For five years, I did customer service/tech support at a tiny telephone company that provided voice-over-internet-protocol (VOIP) phone service. After that experience, I have stayed with a POTS (plain old telephone service) land-line for the reliability instead of going with the VOIP for savings.
Since last night, my DSL service has been erratic in a not-good sort of way. Tonight, the DSL was not working at all. Thanks to having a POTS line, I was able to call CenturyLink (nee Qwest, nee USWEST, nee Pacific NW Bell) DSL tech support. The first call got dropped with the CSR had me unplug the phone line. After a few minutes, the tech called me back and we got the DSL working. It continued to work for at least 5 minutes after we closed the call.

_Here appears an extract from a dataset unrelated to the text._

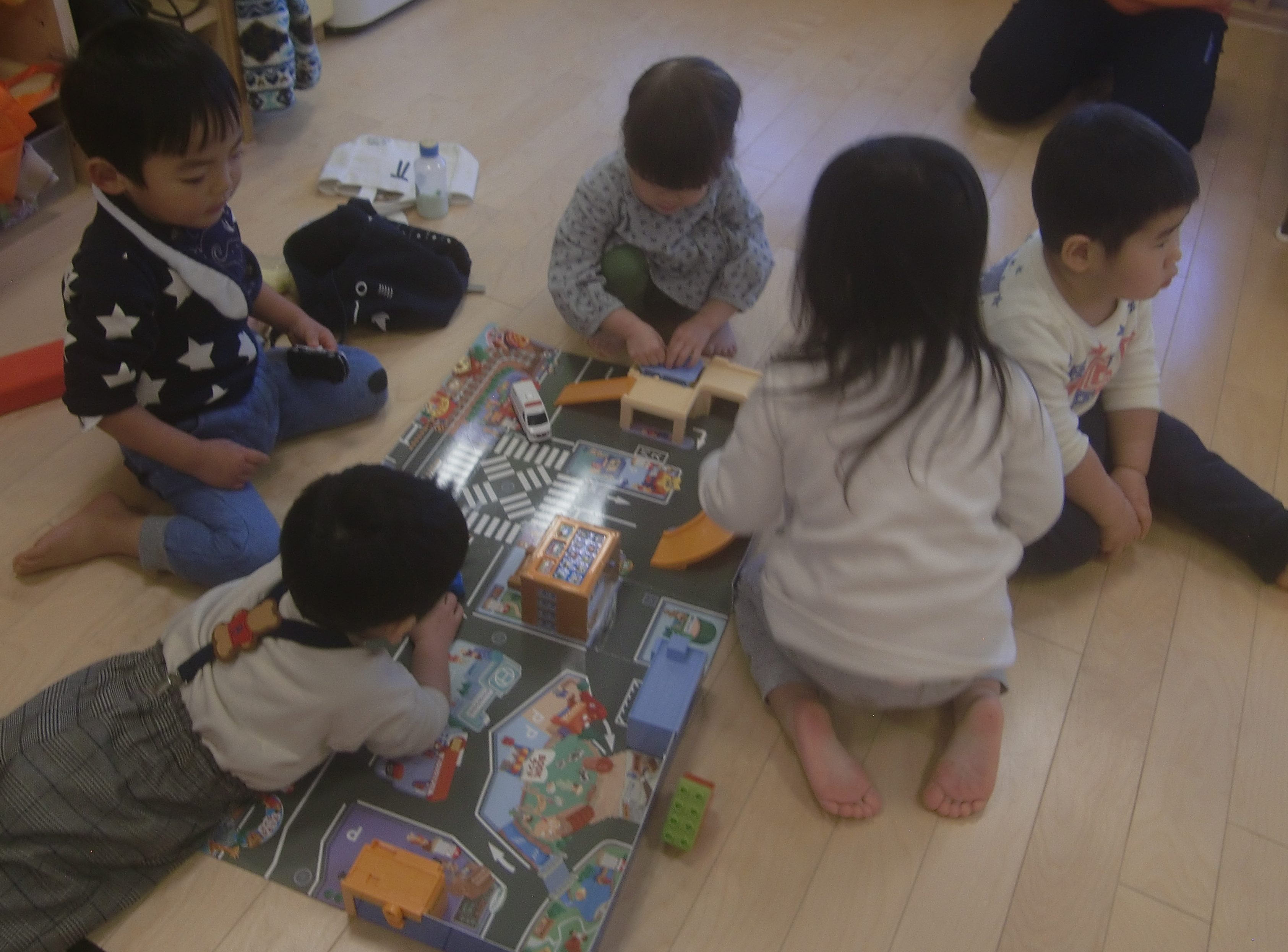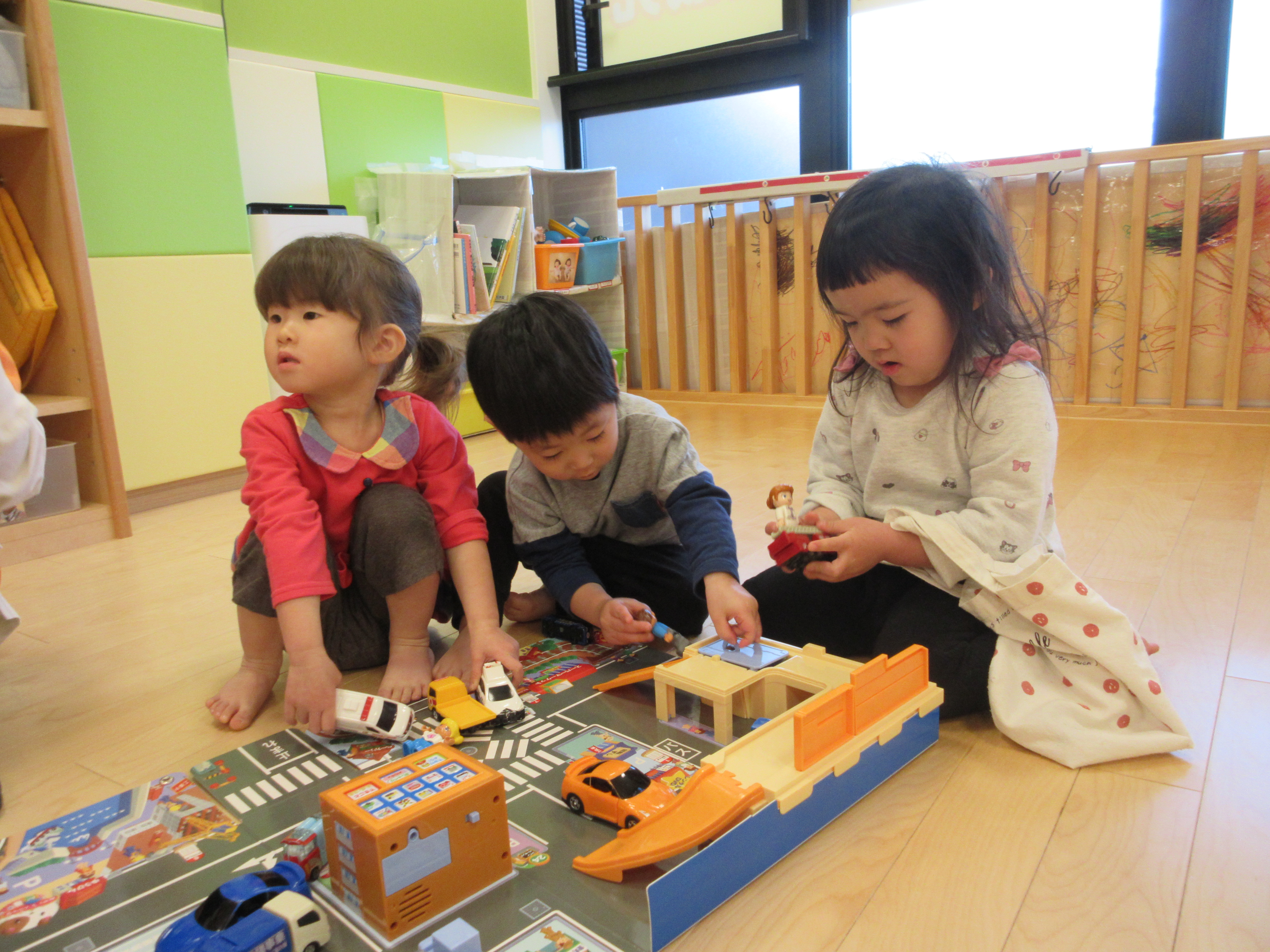 車のおもちゃを持ち寄って、早速遊んでいましたよ。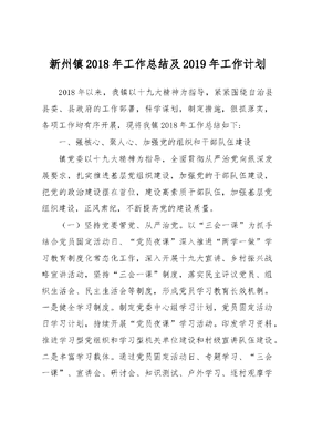 新州镇2018年工作总结及2019年工作计划2018年以来,我镇以十九大精神为指导,紧紧围绕自治县县委、县政府的工作部署,科学谋划,制定措施,狠抓落实,各项工作均有序开展,现将我镇2018年工作总结如下:一、强核心、聚人心、加强党的组织和干部队伍建设镇党委以十九大精神为指导,全面贯彻从严治党向纵深发展要求,扎实推进基层党组织建设,加强党的干部队伍建设,把党的政治建设摆在首位,建设高素质干部队伍,加强基层党组织建设,正风肃纪,不断提高党的建设质量。(一)坚持党要管党、从严治党。以三会一课为抓手结合党员固定活动日、党员夜课深入推进两学一做学习教育制度化常态化工作,深入开展十九大宣讲、乡村振兴战略宣讲活动,坚持三会一课制度,落实民主评议党员、组织生活会、民主生活会等制度,形成党员学习教育长效机制。一是健全学习制度。制定党委中心组学习计划,党员固定活动日学习计划,持续开展党员夜课学习活动。印发学习资料,推进学习型党组织和学习型机关单位建设和村级宣讲队伍建设。二是丰富学习载体。通过党员固定活动日、专题学习、三会一课、宣讲会、研讨会、知识测试、户外学习、逐村观摩学习等形式,积极开展各类学习活动。截止目前围绕党章、习近平总书记新思想科学理论体系、乡村振兴战略、关于学习习近平关于脱贫攻坚重要思想,廉政教育,基层党建、发展村集体经济等主题,开展了11次党员固定活动日活动,8次党员夜课,17场次乡村振兴宣讲会,11次专题学习,领导干部上台讲党课11人次,年轻党员上台讲党课12人次,主题实践教育3次,逐村观摩学习2次、组织开展对标定级、整体提升、乡村振兴、争创五旗宣传活动。三是抓实组织生活。以春节、七·一活动为契机,开展党员群众拔河竞技等体育活动、唱红歌·颂党恩红歌比赛活动,慰问困难老党员,加强党员理想信念教育,重视提高党员思想意识,引导督促党员严格落实党内有关规定。倡导领导干部上讲台,普通党员分享学习心得相结合,开展大兴学习之风。发挥党委中心组学习的引领作用,鼓励年轻同志、老领导,班子成员上台讲党课。四是加强督促检查力度,建立日常督促检查制度,每季度随机抽查各村党建工作,使党建工作抓在日常,严在经常,使党支部成为脱贫攻坚中的战斗堡垒,发挥党员先锋模范作用。(二)坚持推进乡村振兴助脱贫攻坚。打造党建规范化示范点,基层党组织建设成效显著。以党建工作示范化,标准化的方式推动全镇党建工作均衡发展。组织17个村(社区)开展逐村观摩互评,整乡推进提升工作活动,让各村(社区)相互学习,根据观摩互评结果,选点进行结合自治县党建示范带创建,打造我镇党建示范点,打造那么村、弄桑村、者隘村、水洞村民族+产业+党建示范带和党政支部、四大社区组织生活规范化示范带,积极争取上级资金,努力打造我镇党建新亮点。(三)坚持加强基层队伍建设。通过落实三会一课制度和党员固定活动日制度,组织党员开展理论学习和党性教育,使党组织生活成为党员提升致富能力的着力点,抓好党员队伍管理,做好党员创业发展基金调查发放工作,让有发展前途,有闯进的党员发展致富,切实培养党员致富带头人。加强村(社区)两委干部培训,强化党组织书记第一责任人职责,年初签订党组织书记责任书,抓好带头人队伍建设,提高带领群众脱贫致富能力。深入推行农村党员积分管理和支部对标定级工作,使党员积分工作常态化、好落实、挖掘优秀党员,提升党员凝聚力和群众引领作用。今年计划发展党员10人,严格党员发展程序,按时收缴党费。推行党员亮身份制度,要求在职党员上班期间佩戴党徽,发挥党员模范作用。深入推进村级党组织星级化管理,抓好星级创建,核验2016年星级党组织民德村党支部保留四星,弄桑村、那烘村党支部保留四星,2017年评定中,民权社区党总支部获五星、马雄村党支部获三星。开展软弱涣散村党组织排查整顿工作,提升党组织整体水平、使基层党组织、党员群众成为乡村振兴队伍的中坚力量。积极开展乡村振兴·争创五旗工作,我镇民德村获产业兴旺、生态宜居旗帜,民权社区获生态宜居旗帜。加强脱贫攻坚(乡村振兴)工作队员管理,发挥队员在脱贫攻坚中的作用,制定管理办法,成立管理领导小组办公室,严格落实管理、考勤制度,严格队员吃住在村管理,确保工作队到村到户开展扶贫工作,建强基层组织、为民办事服务、发展农业产业。同时,乡镇选派10名年轻,优秀的非贫困村第一书记深入村屯充实基层党建队伍。实行三牌公开亮身份制度暨在村部公开队员承诺公示牌;在农户家公开队员公示牌;工作队员下村入户公开工作牌。实行脱贫攻坚(乡村振兴)工作队员例会制度,加强队员管理,多次组织第一书记、工作队员参观交流学习。(四)坚持大力发展村集体经济。以乡村振兴战略思想为指导,围绕产业兴旺靠投入、生态宜居靠带动、乡风文明靠培育、治理有效靠富强、

Twenty minutes later, I called CenturyLink for more tech support. The CSR I spoke with was stupid liar. He denied there was an outage, even though I had just called CTL tech support and got a busy signal. When a phone company’s line is busy at 8 PM, it is an extremely likely sign of an outage. When I asked him on it, he denied an outage.
The tech was adamant that what I had was a cabling problem on the inside or the outside of my apartment. He could not explain how the phone line worked with excellent quality on the same connection that was killing the DSL.
That is the first time I called about problems with my DSL in three years. I have never had a problem with my POTS line not working at this apartment. The onsite tech will be here tomorrow morning to look at the problem. My guess is the outage will be over and he will simply call me from his truck pretending to have fixed the problem.
It sucks when my internet connection is down. It is less annoying to let it be down for a bit and do other things instead of fighting the DSL problem/slow DSL all night long like I did last night.
While the South Koreans get 1000 Mbs DSL, for the US, my (“up to”) 30 Mbs is better than what most Americans have—when it works.
I am grateful for the miracle of the high-speed web access from my apartment. I am also glad I gave up streaming movies ala’ NetFlix and have a download methodology. Even with a dead internet connection, I still have 100s of hours of commercial free TV shows and movies to watch.
PS: It may have been a hardware problem. The onsite tech tested my apartment signal added a new DSL phone filter, declared it okay and left. The problem was still occurring. I called the tech back 10 minutes after he left. He was still here, came back inside, did some more testing and then replaced the DSL modem. The DSL is working now. I feel like I was lied to more than once during this process, so I am not sure what the solution was. It may have been the modem, but that could also be a smokescreen to charge me for an onsite solution and a new modem. I have little trust in Telco’s telling the truth.